The output must match the lines from the first line of the listing below through the line holding "恒遠少なくとも11白紗青ニト" exactly and must contain no pictures.

****

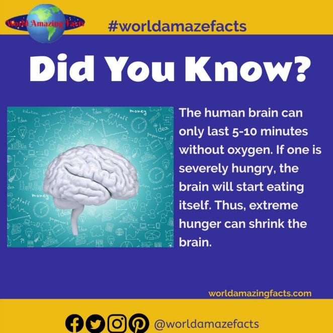 18: The human brain can only last 5-10 minutes without oxygen. If one is severely hungry, the brain will start eating itself. Thus, extreme hunger can shrink the brain.
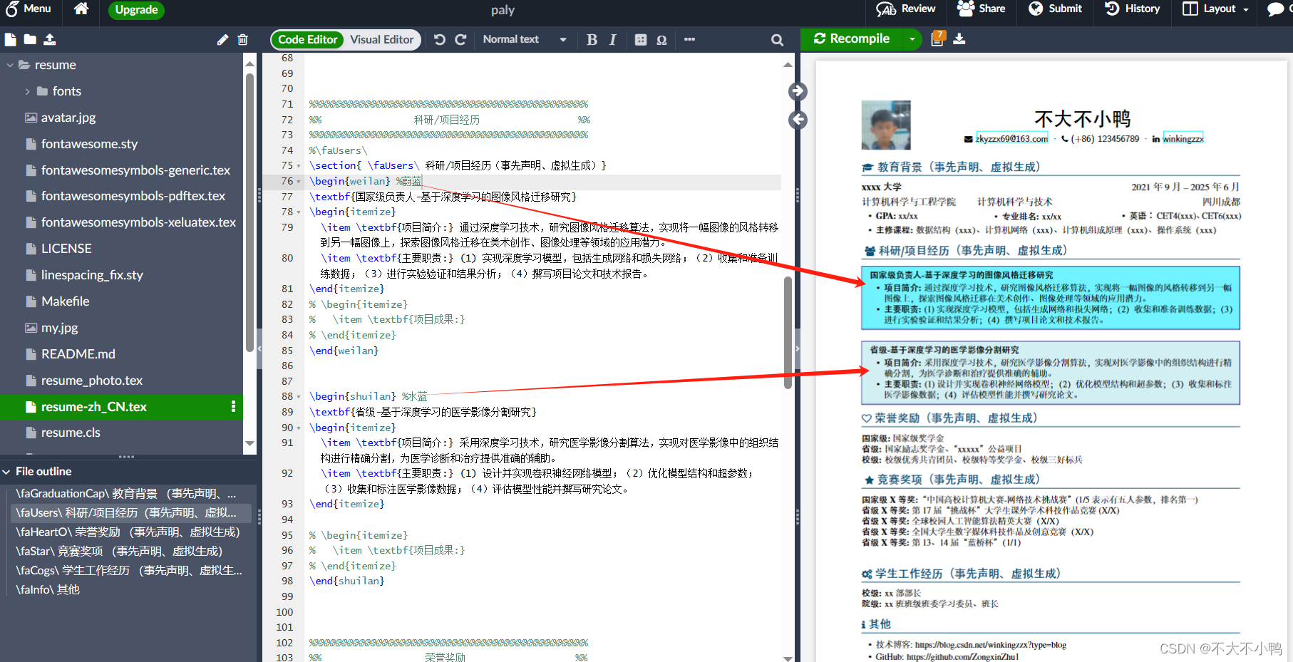 直接下载我设置好的模板在Overleaf, Online LaTeX Editor上进行自己的DIY吧!!!!!
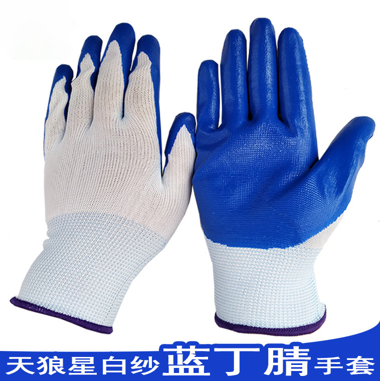 恒遠少なくとも11白紗青ニトリルゴム浸漬平掛手袋丈夫滑り止め片面ゴム半ゴム労働保護作業手袋
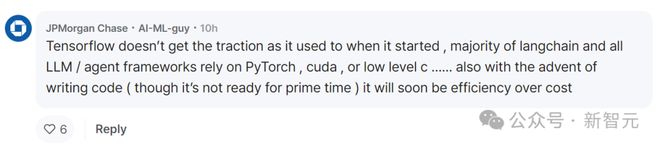 对此,JPMorgan的员工分析表示:「目前大部分LangChain、LLM,以及AI智能体框架,都依赖于PyTorch、CUDA或是更底层的C语言。相比之下,TensorFlow的吸引力已经大不如前。」
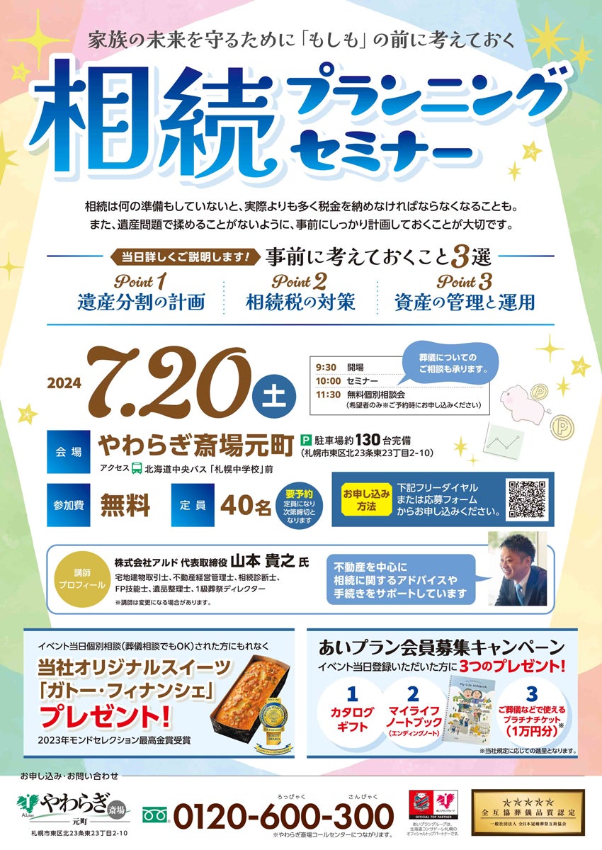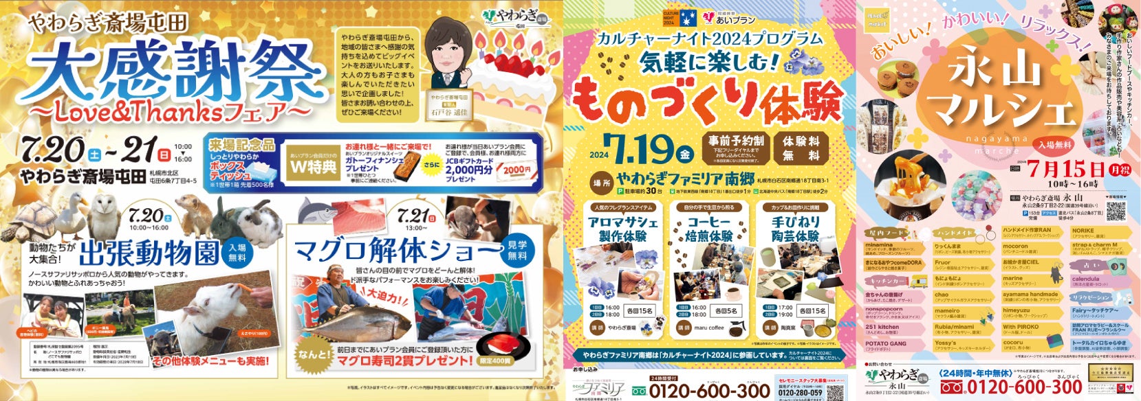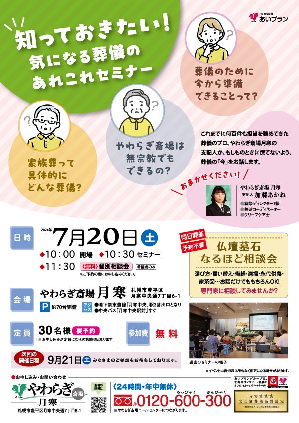 株式会社あいプラン(北海道札幌市)のやわらぎ斎場 では、7月も様々なイベントを開催しております。各所それぞれ個性的なイベントを行っておりますのでお気軽にお越しください。
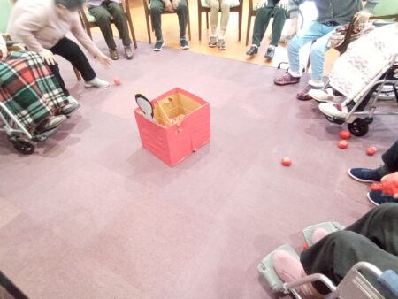 入居者様も夢中で箱に玉を入れています。
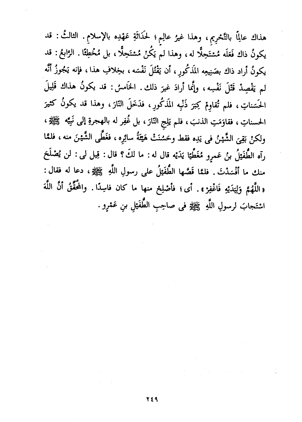 هَذَاكَ عَالِمًا بِالتَّحْرِيمِ، وَهَذَا غَيْرُ عَالِمٍ لِحَدَاثَةِ عَهْدِهِ بِالْإِسْلَامِ. الثَّالِثُ: قَدْ يَكُونُ ذَاكَ فَعَلَهُ مُسْتَحِلًّا لَهُ، وَهَذَا لَمْ يَكُنْ مُسْتَحِلًّا، بَلْ مُخْطِئًا. الرَّابِعُ: قَدْ يَكُونُ أَرَادَ ذَاكَ بِصَنِيعِهِ الْمَذْكُورِ، أَنْ يَقْتُلَ نَفْسَهُ، بِخِلَافِ هَذَا، فَإِنَّهُ يَجُوزُ أَنَّهُ لَمْ يَقْصِدْ قَتْلَ نَفْسِهِ، وَإِنَّمَا أَرَادَ غَيْرَ ذَلِكَ. الْخَامِسُ: قَدْ يَكُونُ هَذَاكَ قَلِيلَ الْحَسَنَاتِ، فَلَمْ تُقَاوِمْ كِبَرَ ذَنْبِهِ الْمَذْكُورِ، فَدَخَلَ النَّارَ، وَهَذَا قَدْ يَكُونُ كَثِيرَ الْحَسَنَاتِ، فَقَاوَمَتِ الذَّنْبَ، فَلَمْ يَلِجِ النَّارَ، بَلْ غُفِرَ لَهُ بِالْهِجْرَةِ إِلَى نَبِيِّهِ - صَلَّى اللَّهُ عَلَيْهِ وَسَلَّمَ - وَلَكِنْ بَقِيَ الشَّيْنُ فِي يَدِهِ فَقَطْ، وَحَسُنَتْ هَيْئَةُ سَائِرِهِ، فَغَطَّى الشَّيْنَ مِنْهُ، فَلَمَّا رَآهُ الطُّفَيْلُ بْنُ عَمْرٍو مُغَطِّيًا يَدَيْهِ، قَالَ لَهُ: مَا لَكَ؟ قَالَ: قِيلَ لِي: لَنْ يُصْلَحَ مِنْكَ مَا أَفْسَدْتَ. فَلَمَّا قَصَّهَا الطُّفَيْلُ عَلَى رَسُولِ اللَّهِ - صَلَّى اللَّهُ عَلَيْهِ وَسَلَّمَ - دَعَا لَهُ فَقَالَ: «اللَّهُمَّ، وَلِيَدَيْهِ فَاغْفِرْ ".» أَيْ فَأَصْلِحْ مِنْهَا مَا كَانَ فَاسِدًا. وَالْمُحَقَّقُ أَنَّ اللَّهَ اسْتَجَابَ لِرَسُولِ اللَّهِ - صَلَّى اللَّهُ عَلَيْهِ وَسَلَّمَ - فِي صَاحِبِ الطُّفَيْلِ بْنِ عَمْرٍو.
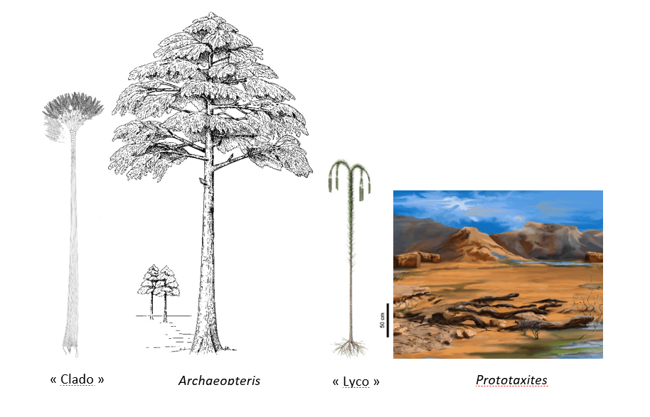 des arbres Poteau chez les Cladoxylopsida que nous nommerons « Clados ». Les spécimens les plus emblématiques sont découverts dans l’état de New York aux USA où ils forment une forêt à Gilboa. Ces arbres n’ont pas de feuilles et peu de bois.
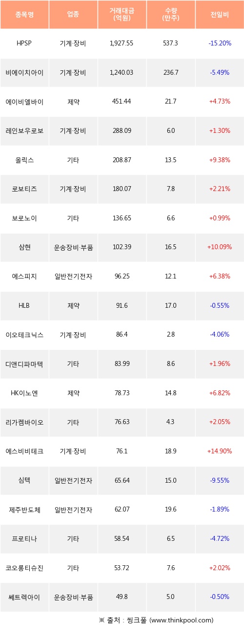 외국인 투자자의 순매수 상위 20개 종목은 HPSP, 비에이치아이, 에이비엘바이오, 레인보우로보틱스, 올릭스, 로보티즈, 보로노이, 삼현, 에스피지, HLB등이다.
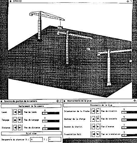 To visualize the cranes that they have modelled, the students have to define the position of the camera and the type of projection to be used. So they need to study the viewing pipeline and the viewing model in PHIGS, the different parallel and perspective projections, and the different PHIGS attributes. An example picture is shown in Figure 3.
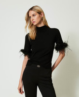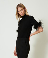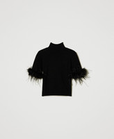 Pull en viscose mélangée stretch avec manches courtes rehaussées d’un bord amovible en plumes assorties, col montant, étiquette siglée Oval T en métal dans le dos et coupe regular.
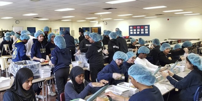 Approximately 120 West Humber Collegiate Institute students packed more than 29,000 emergency meal kits for Syrian refugees on Feb. 27 during a GlobalMedic food packing drive at the Etobicoke high school. - Eric Post photo
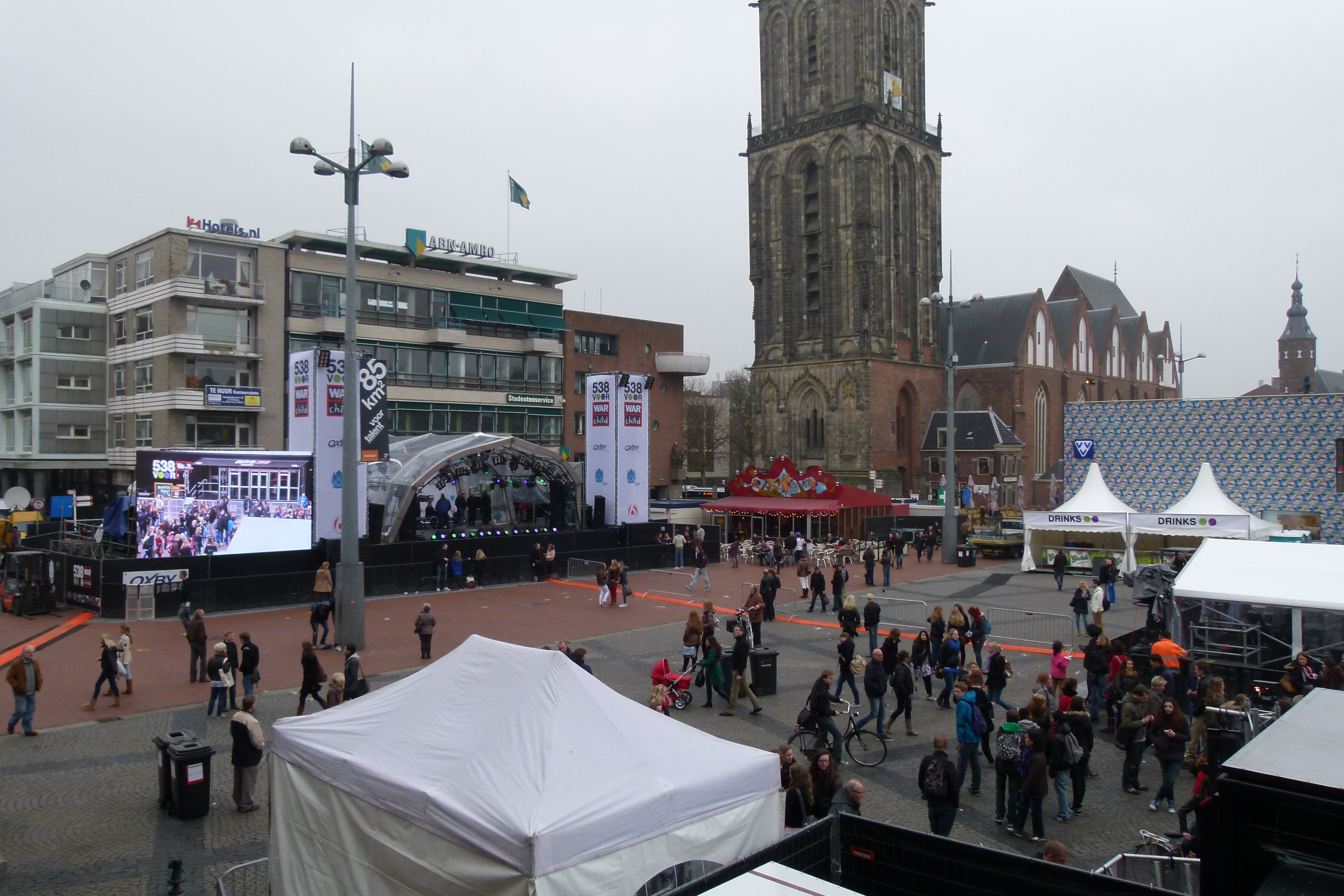 De DJ’s van de radiozender bleven tot 06.00 uur in het schoolgebouw. Daarna werd de uitzending overgenomen vanuit de studio op de Grote Markt. De actie wordt vrijdagavond afgesloten met live-optredens van onder andere Racoon, Sander van Doorn, Marco Borsato en Van Velzen en nog vele anderen. Mike Slot maakte vrijdagmiddag de onderstaande foto’s op de Grote Markt. Heb je zelf ook foto’s gemaakt van de actie op de Grote Markt en wil je die terugzien op deze pagina? Stuur ze naar de redactie van OOG Radio & TV!
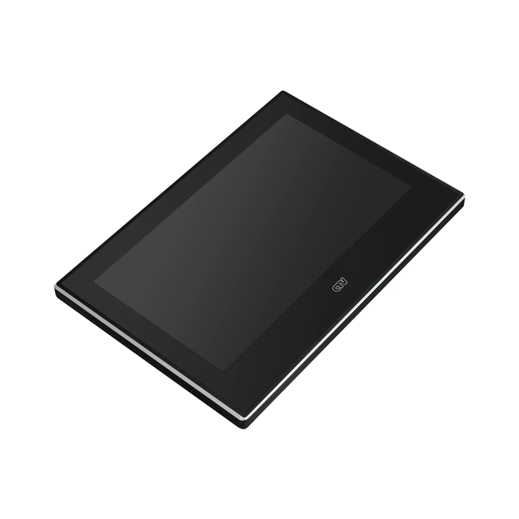 Корпус тонкий и эргономичный, выполнен из белого пластика с встроенным источником питания (AC 100-240 В или 12 В DC/1,5 А). Сенсорный экран и технология Touch Screen позволяют легко управлять настройками и функциями. Монитор оснащён системой AI для распознавания лиц и обнаружения человека, что повышает уровень безопасности и автоматизации.

****

RESPONSE ::
 18: The human brain can only last 5-10 minutes without oxygen. If one is severely hungry, the brain will start eating itself. Thus, extreme hunger can shrink the brain.
 直接下载我设置好的模板在Overleaf, Online LaTeX Editor上进行自己的DIY吧!!!!!
 恒遠少なくとも11白紗青ニトリルゴム浸漬平掛手袋丈夫滑り止め片面ゴム半ゴム労働保護作業手袋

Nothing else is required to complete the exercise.